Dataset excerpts
=====

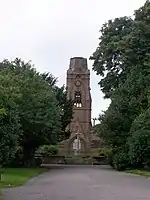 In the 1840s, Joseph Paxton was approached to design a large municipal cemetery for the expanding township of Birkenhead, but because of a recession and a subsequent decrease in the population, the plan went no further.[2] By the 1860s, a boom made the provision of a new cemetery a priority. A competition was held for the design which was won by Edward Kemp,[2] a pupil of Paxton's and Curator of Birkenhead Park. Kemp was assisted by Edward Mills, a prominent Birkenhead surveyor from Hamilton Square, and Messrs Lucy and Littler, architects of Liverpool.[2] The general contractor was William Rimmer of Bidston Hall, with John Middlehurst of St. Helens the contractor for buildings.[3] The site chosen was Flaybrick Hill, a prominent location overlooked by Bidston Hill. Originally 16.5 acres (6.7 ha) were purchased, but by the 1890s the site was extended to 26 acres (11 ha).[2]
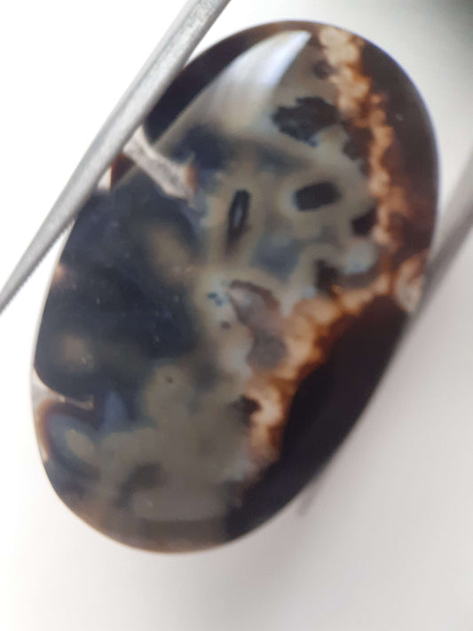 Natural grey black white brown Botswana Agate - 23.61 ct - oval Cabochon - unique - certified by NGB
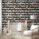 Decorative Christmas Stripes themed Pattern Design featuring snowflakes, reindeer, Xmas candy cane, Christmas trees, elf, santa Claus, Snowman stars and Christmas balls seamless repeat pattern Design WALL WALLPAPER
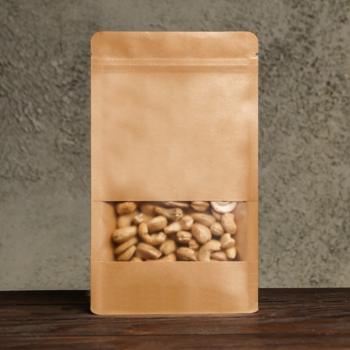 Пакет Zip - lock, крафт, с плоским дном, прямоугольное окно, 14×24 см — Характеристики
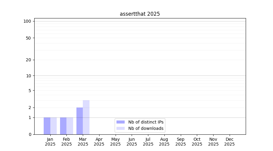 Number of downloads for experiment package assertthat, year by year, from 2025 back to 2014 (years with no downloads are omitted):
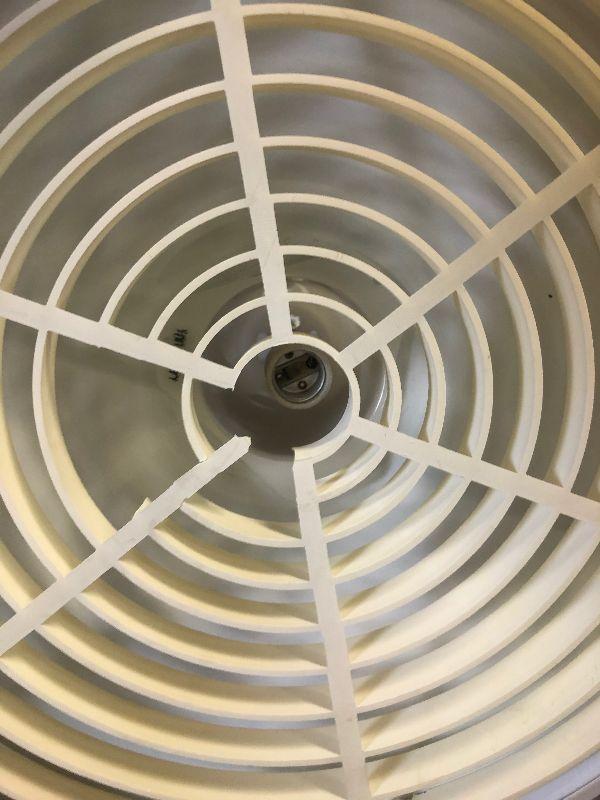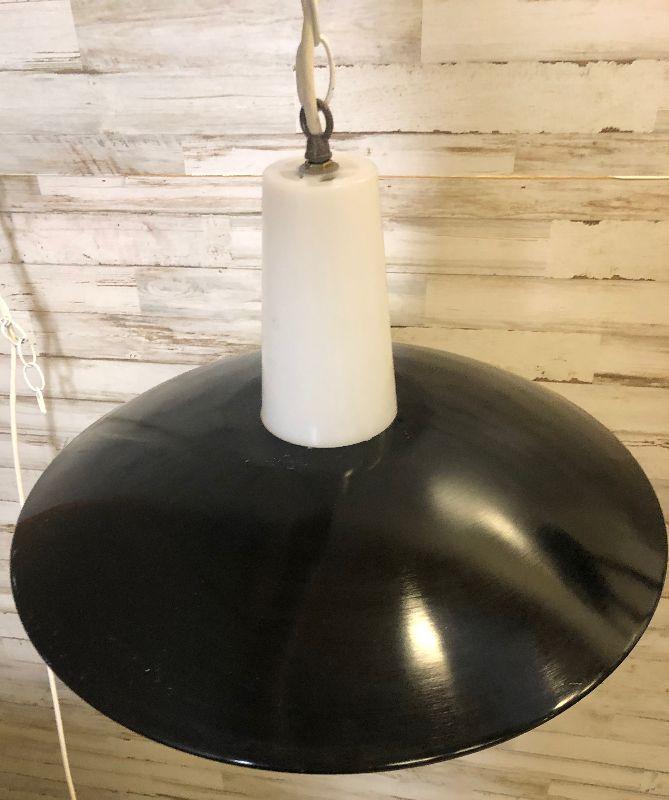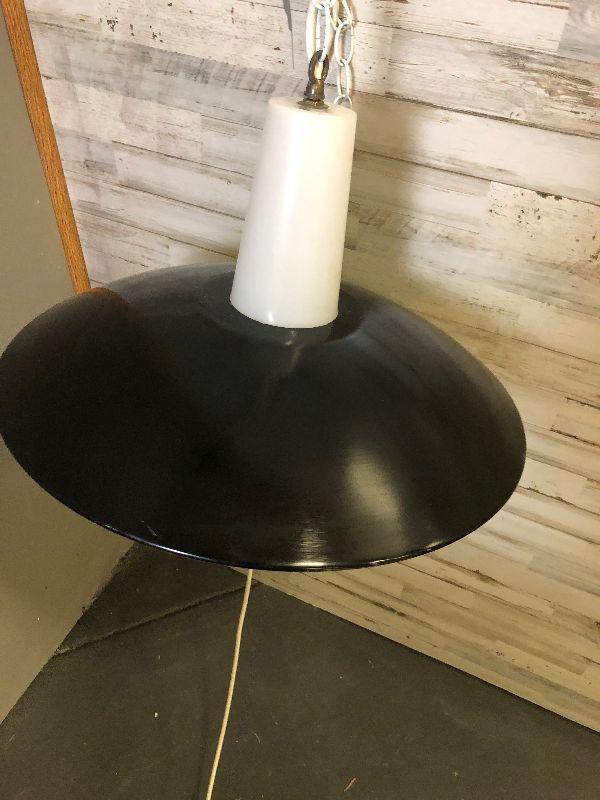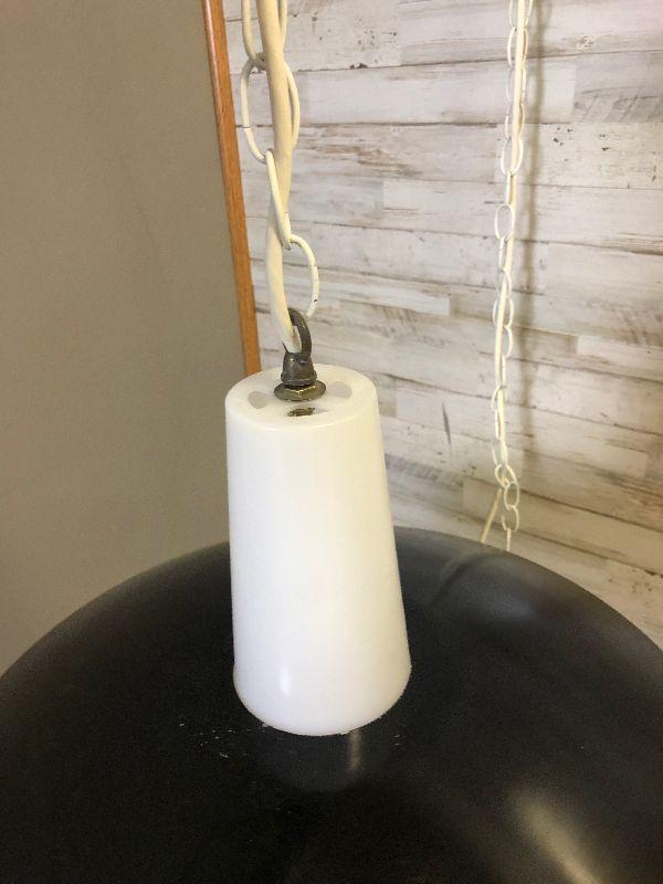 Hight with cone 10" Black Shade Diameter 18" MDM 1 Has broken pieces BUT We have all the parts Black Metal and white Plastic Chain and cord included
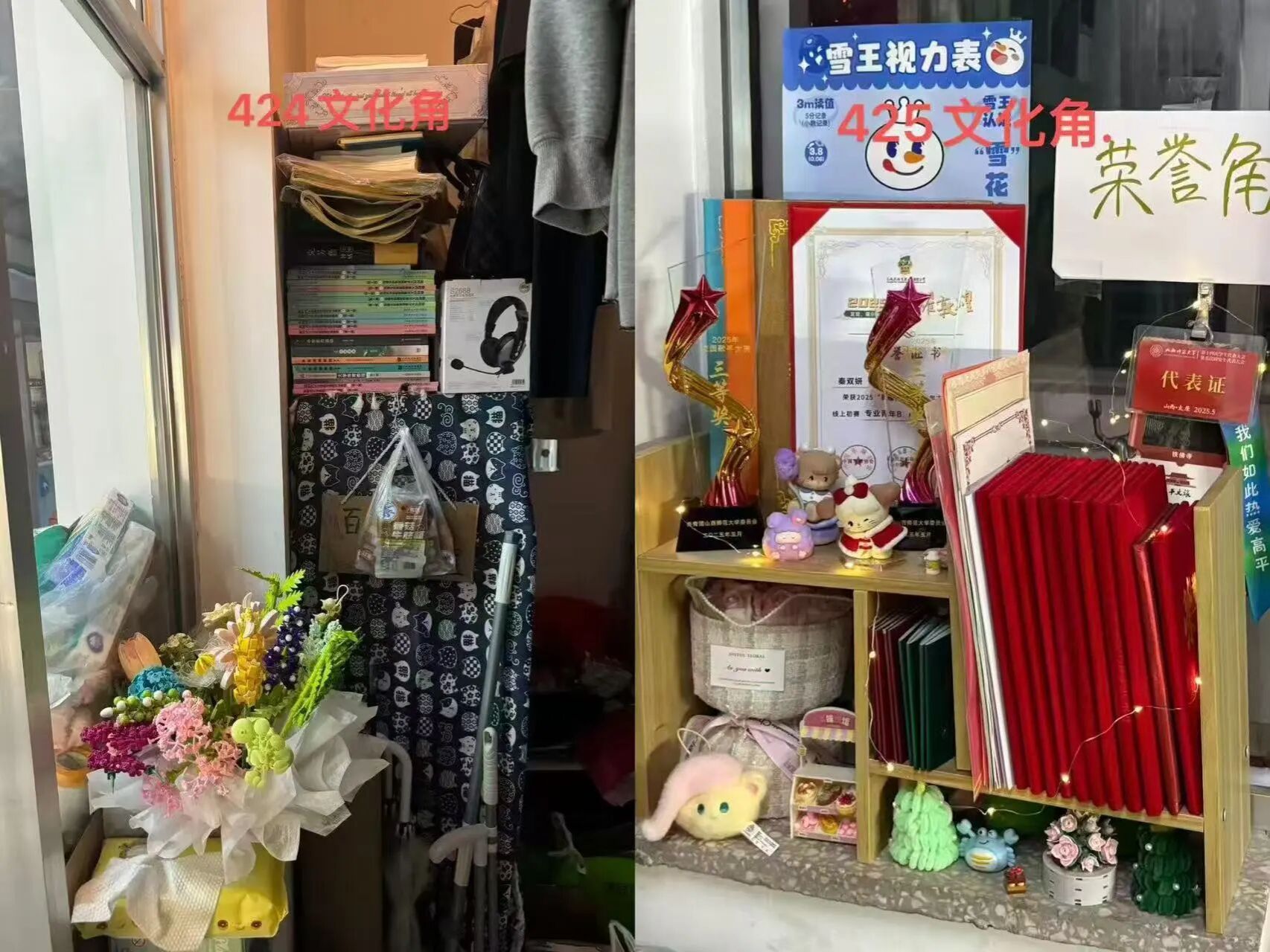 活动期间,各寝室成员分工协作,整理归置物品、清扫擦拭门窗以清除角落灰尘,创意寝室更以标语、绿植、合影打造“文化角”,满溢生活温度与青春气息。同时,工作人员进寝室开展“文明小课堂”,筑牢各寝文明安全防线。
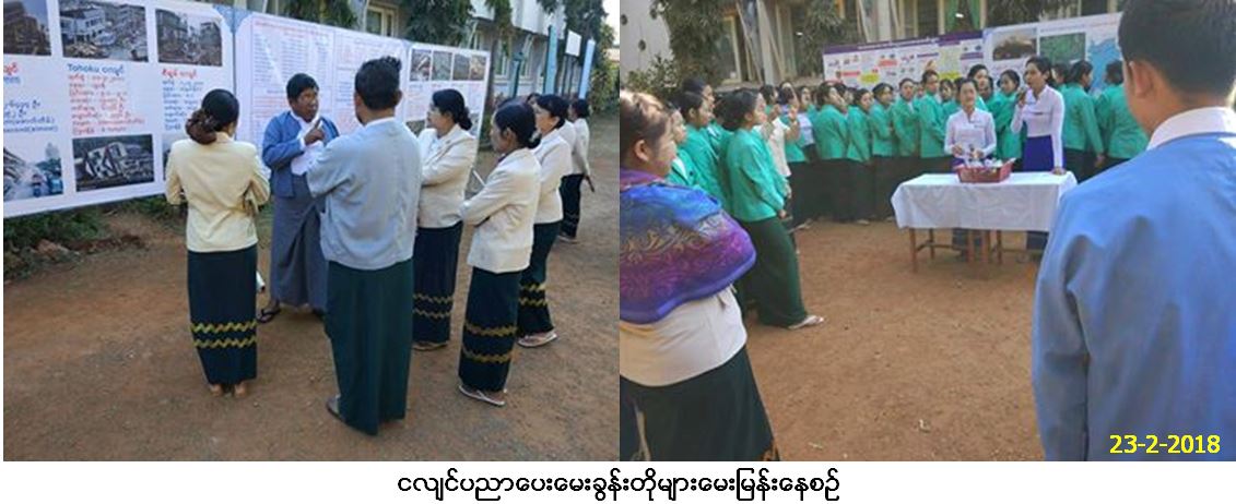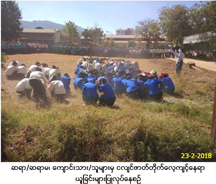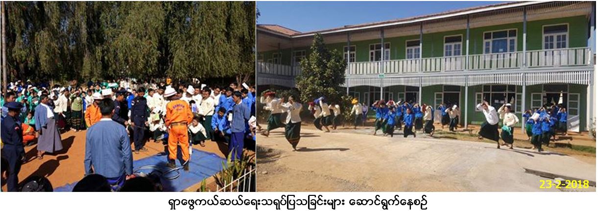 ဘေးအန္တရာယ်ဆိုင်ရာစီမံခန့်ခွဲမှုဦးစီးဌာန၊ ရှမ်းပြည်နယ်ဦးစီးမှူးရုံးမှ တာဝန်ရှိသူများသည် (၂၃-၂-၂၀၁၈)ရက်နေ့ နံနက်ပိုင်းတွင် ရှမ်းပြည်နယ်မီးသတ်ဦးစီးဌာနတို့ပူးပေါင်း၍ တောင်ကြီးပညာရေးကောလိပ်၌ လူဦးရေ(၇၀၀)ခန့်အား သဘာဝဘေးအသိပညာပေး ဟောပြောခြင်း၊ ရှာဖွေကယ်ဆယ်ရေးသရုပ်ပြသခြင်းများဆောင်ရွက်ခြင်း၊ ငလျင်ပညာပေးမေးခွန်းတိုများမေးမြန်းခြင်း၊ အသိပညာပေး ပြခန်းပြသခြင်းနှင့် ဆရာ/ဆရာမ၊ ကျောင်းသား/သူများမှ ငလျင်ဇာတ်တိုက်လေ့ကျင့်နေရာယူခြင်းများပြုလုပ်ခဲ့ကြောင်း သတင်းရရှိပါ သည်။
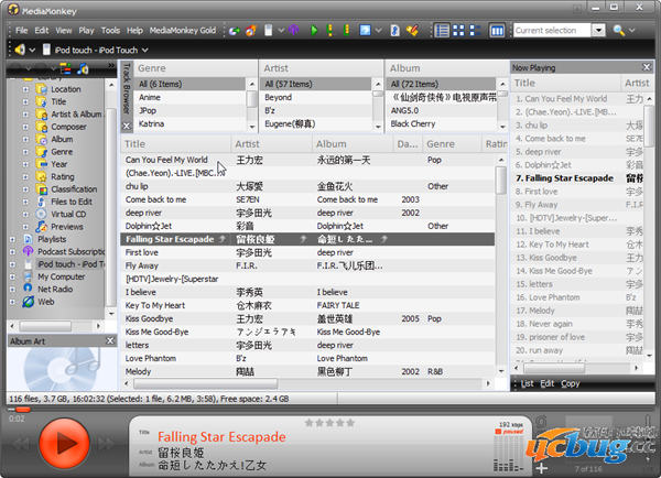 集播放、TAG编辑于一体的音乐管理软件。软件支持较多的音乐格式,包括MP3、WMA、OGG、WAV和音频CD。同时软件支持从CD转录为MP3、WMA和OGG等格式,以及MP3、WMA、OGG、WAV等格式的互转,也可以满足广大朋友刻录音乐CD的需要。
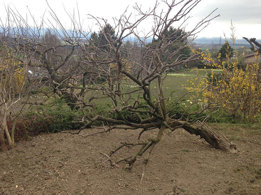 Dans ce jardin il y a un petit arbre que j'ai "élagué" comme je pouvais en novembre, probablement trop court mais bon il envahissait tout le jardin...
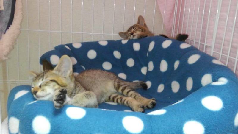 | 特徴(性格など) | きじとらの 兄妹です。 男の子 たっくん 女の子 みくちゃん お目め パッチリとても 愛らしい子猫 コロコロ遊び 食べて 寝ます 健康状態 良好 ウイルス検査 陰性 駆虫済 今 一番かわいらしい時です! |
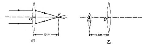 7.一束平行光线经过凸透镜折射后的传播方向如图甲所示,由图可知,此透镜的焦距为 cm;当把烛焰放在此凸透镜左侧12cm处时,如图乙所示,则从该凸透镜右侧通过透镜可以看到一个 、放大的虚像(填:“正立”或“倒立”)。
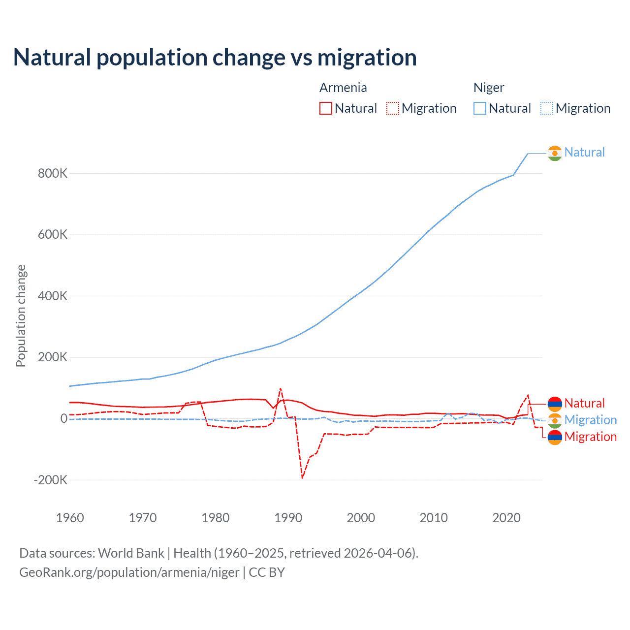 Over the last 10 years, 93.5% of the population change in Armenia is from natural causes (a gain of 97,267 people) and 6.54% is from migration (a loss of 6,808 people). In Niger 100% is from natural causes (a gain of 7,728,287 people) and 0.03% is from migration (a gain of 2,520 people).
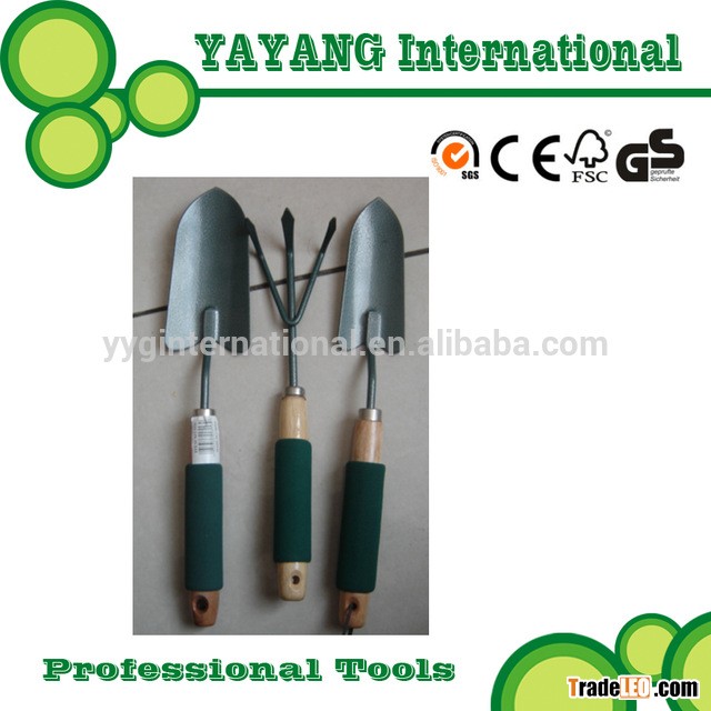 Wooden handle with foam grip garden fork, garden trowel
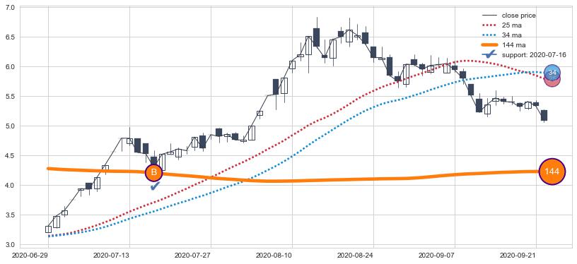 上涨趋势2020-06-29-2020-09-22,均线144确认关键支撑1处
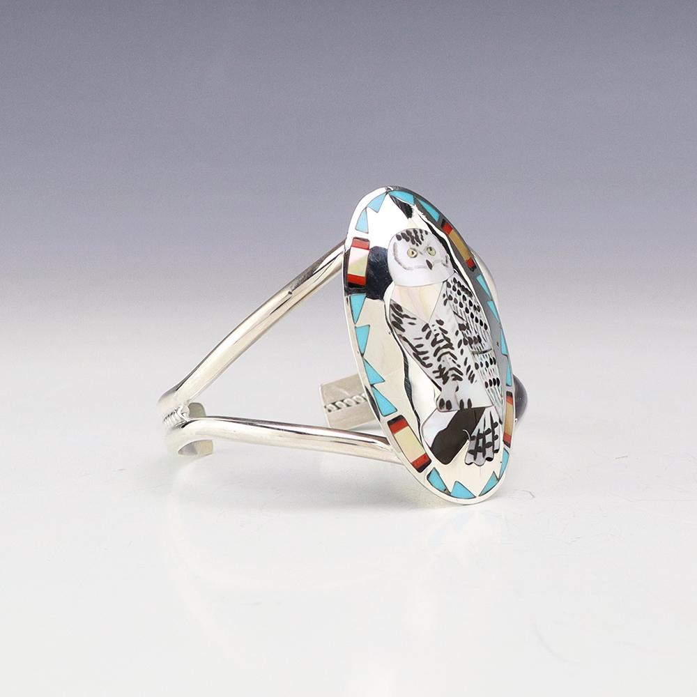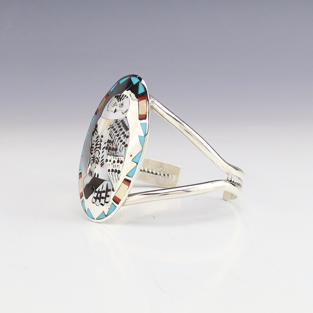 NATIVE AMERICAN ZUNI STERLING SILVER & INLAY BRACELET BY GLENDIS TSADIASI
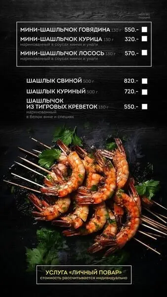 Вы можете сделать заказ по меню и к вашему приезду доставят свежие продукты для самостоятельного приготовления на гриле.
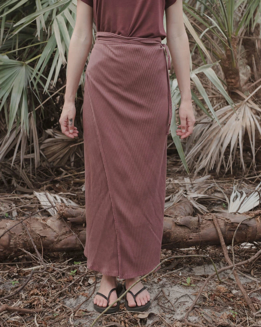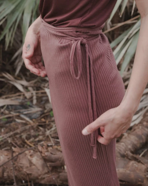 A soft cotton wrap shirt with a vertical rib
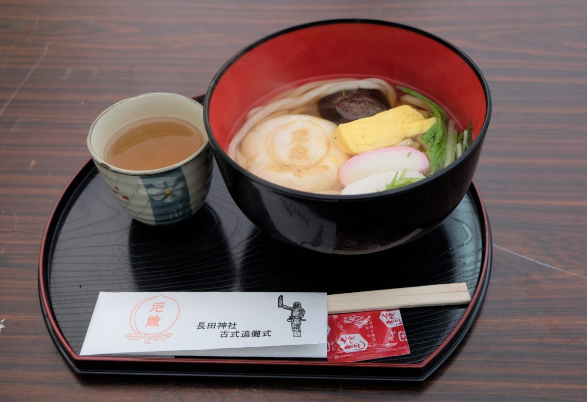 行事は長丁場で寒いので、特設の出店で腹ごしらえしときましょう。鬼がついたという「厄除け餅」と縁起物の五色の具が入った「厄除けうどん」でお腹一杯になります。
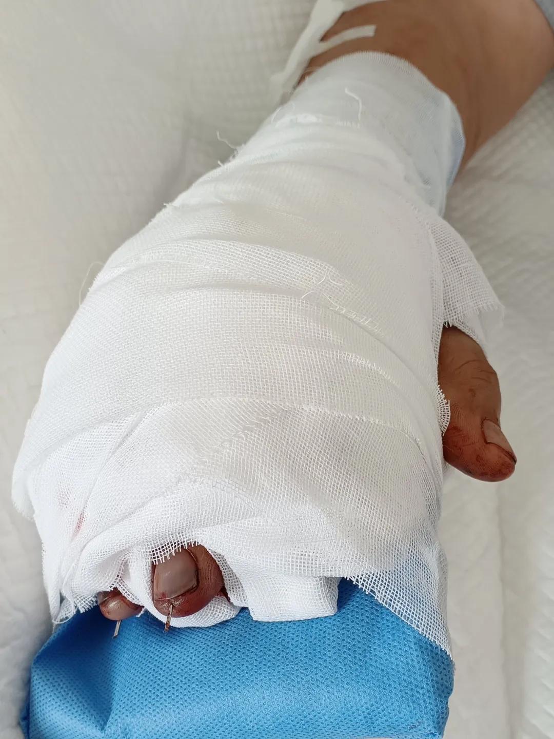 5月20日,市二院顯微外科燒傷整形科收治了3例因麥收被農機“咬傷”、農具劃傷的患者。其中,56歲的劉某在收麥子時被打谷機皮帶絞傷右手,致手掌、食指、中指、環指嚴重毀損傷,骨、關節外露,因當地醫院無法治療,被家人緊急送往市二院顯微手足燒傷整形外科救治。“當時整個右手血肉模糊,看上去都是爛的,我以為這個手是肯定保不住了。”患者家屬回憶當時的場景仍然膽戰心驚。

=====

*Work order*
Only the lines from the one that holds "Number of downloads" through the end of the records above should be printed again, exactly as they are. Leave out the pictures.

*Exercise solution*
 Number of downloads for experiment package assertthat, year by year, from 2025 back to 2014 (years with no downloads are omitted):
 Hight with cone 10" Black Shade Diameter 18" MDM 1 Has broken pieces BUT We have all the parts Black Metal and white Plastic Chain and cord included
 活动期间,各寝室成员分工协作,整理归置物品、清扫擦拭门窗以清除角落灰尘,创意寝室更以标语、绿植、合影打造“文化角”,满溢生活温度与青春气息。同时,工作人员进寝室开展“文明小课堂”,筑牢各寝文明安全防线。
 ဘေးအန္တရာယ်ဆိုင်ရာစီမံခန့်ခွဲမှုဦးစီးဌာန၊ ရှမ်းပြည်နယ်ဦးစီးမှူးရုံးမှ တာဝန်ရှိသူများသည် (၂၃-၂-၂၀၁၈)ရက်နေ့ နံနက်ပိုင်းတွင် ရှမ်းပြည်နယ်မီးသတ်ဦးစီးဌာနတို့ပူးပေါင်း၍ တောင်ကြီးပညာရေးကောလိပ်၌ လူဦးရေ(၇၀၀)ခန့်အား သဘာဝဘေးအသိပညာပေး ဟောပြောခြင်း၊ ရှာဖွေကယ်ဆယ်ရေးသရုပ်ပြသခြင်းများဆောင်ရွက်ခြင်း၊ ငလျင်ပညာပေးမေးခွန်းတိုများမေးမြန်းခြင်း၊ အသိပညာပေး ပြခန်းပြသခြင်းနှင့် ဆရာ/ဆရာမ၊ ကျောင်းသား/သူများမှ ငလျင်ဇာတ်တိုက်လေ့ကျင့်နေရာယူခြင်းများပြုလုပ်ခဲ့ကြောင်း သတင်းရရှိပါ သည်။
 集播放、TAG编辑于一体的音乐管理软件。软件支持较多的音乐格式,包括MP3、WMA、OGG、WAV和音频CD。同时软件支持从CD转录为MP3、WMA和OGG等格式,以及MP3、WMA、OGG、WAV等格式的互转,也可以满足广大朋友刻录音乐CD的需要。
 Dans ce jardin il y a un petit arbre que j'ai "élagué" comme je pouvais en novembre, probablement trop court mais bon il envahissait tout le jardin...
 | 特徴(性格など) | きじとらの 兄妹です。 男の子 たっくん 女の子 みくちゃん お目め パッチリとても 愛らしい子猫 コロコロ遊び 食べて 寝ます 健康状態 良好 ウイルス検査 陰性 駆虫済 今 一番かわいらしい時です! |
 7.一束平行光线经过凸透镜折射后的传播方向如图甲所示,由图可知,此透镜的焦距为 cm;当把烛焰放在此凸透镜左侧12cm处时,如图乙所示,则从该凸透镜右侧通过透镜可以看到一个 、放大的虚像(填:“正立”或“倒立”)。
 Over the last 10 years, 93.5% of the population change in Armenia is from natural causes (a gain of 97,267 people) and 6.54% is from migration (a loss of 6,808 people). In Niger 100% is from natural causes (a gain of 7,728,287 people) and 0.03% is from migration (a gain of 2,520 people).
 Wooden handle with foam grip garden fork, garden trowel
 上涨趋势2020-06-29-2020-09-22,均线144确认关键支撑1处
 NATIVE AMERICAN ZUNI STERLING SILVER & INLAY BRACELET BY GLENDIS TSADIASI
 Вы можете сделать заказ по меню и к вашему приезду доставят свежие продукты для самостоятельного приготовления на гриле.
 A soft cotton wrap shirt with a vertical rib
 行事は長丁場で寒いので、特設の出店で腹ごしらえしときましょう。鬼がついたという「厄除け餅」と縁起物の五色の具が入った「厄除けうどん」でお腹一杯になります。
 5月20日,市二院顯微外科燒傷整形科收治了3例因麥收被農機“咬傷”、農具劃傷的患者。其中,56歲的劉某在收麥子時被打谷機皮帶絞傷右手,致手掌、食指、中指、環指嚴重毀損傷,骨、關節外露,因當地醫院無法治療,被家人緊急送往市二院顯微手足燒傷整形外科救治。“當時整個右手血肉模糊,看上去都是爛的,我以為這個手是肯定保不住了。”患者家屬回憶當時的場景仍然膽戰心驚。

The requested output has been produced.